While I was browsing the shelves, I noticed, Conversations with Lincoln and I am happy that I checked it out. One nice feature of this audiobook is listed in the title. They are stories. I did not have to pay a lot of attention to the book in order to keep up with the story because the story would end and another story would start! I also liked that this was nonfiction so I was learning something while I drove my car.

The conversations that people had with Abraham Lincoln took place while he lived in New Salem, Illinois, Springfield, Illinois and while he was President in Washington, D.C.  Over and over again people talk about how kind Lincoln was to people. He was especially fond of children. One tale speaks of his time in Illinois and how he allowed the neighborhood boys to go fishing with him. They all had such a good time that no boy would dare miss another fishing trip. Many of the stories that occurred while Lincoln was President involved women asking for their fathers, husbands and sons to be released from duty from the Army or transferred somewhere else. One such woman lost her husband in the war and asked President Lincoln if one of her son’s could be released from duty so that he could come home and take care of her and her farm. Another woman asked for her father’s life after he was sentenced to be executed. President Lincoln had a difficult time executing young boys that deserted from the Army. Many of them were too young to serve in the first place. Of course the Army disapproved of his leniency and claimed that he undermined their authority.

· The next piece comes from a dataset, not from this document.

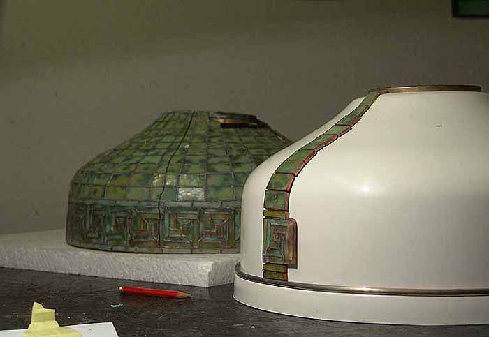 The fiberglass mold is completed here and some of the original glass pieces (which were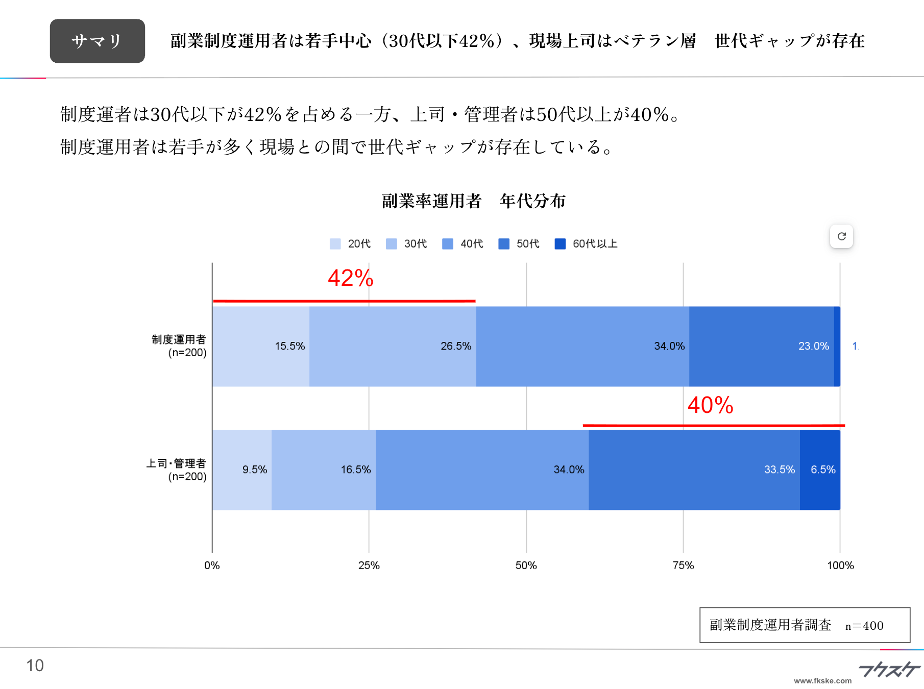 ■副業制度運用者は若手中心(30代以下42%)、現場上司はベテラン層 世代ギャップが存在

While I was listening to this audiobook, I kept marveling over the fact that people were actually allowed to have conversations with the President of the United States. If you were willing to wait a few hours, it was possible that President Lincoln would invite you into his office to tell him your trouble. As you were waiting, you could be sitting next to a U.S. Senator or an Army General who were also waiting their turn. They would have had preference over you, but an ordinary person had the chance to speak to the President. The theme of this book is how kind Abraham Lincoln was. He genuinely cared about people’s troubles and he did his best to fix the problem. If he was unable to fix the problem himself, then he would refer the person to someone who could do something about it, with a note bearing his signature. He had a soft spot for children and always made a point to speak to them while they were in his presence. And he tried to do his best to reunite women with the men in their lives. Clearly, he hated that the war was destroying families. While listening to this book, it was hard to not wish an audience with Abraham Lincoln in order to speak with this intelligent and overly kind man.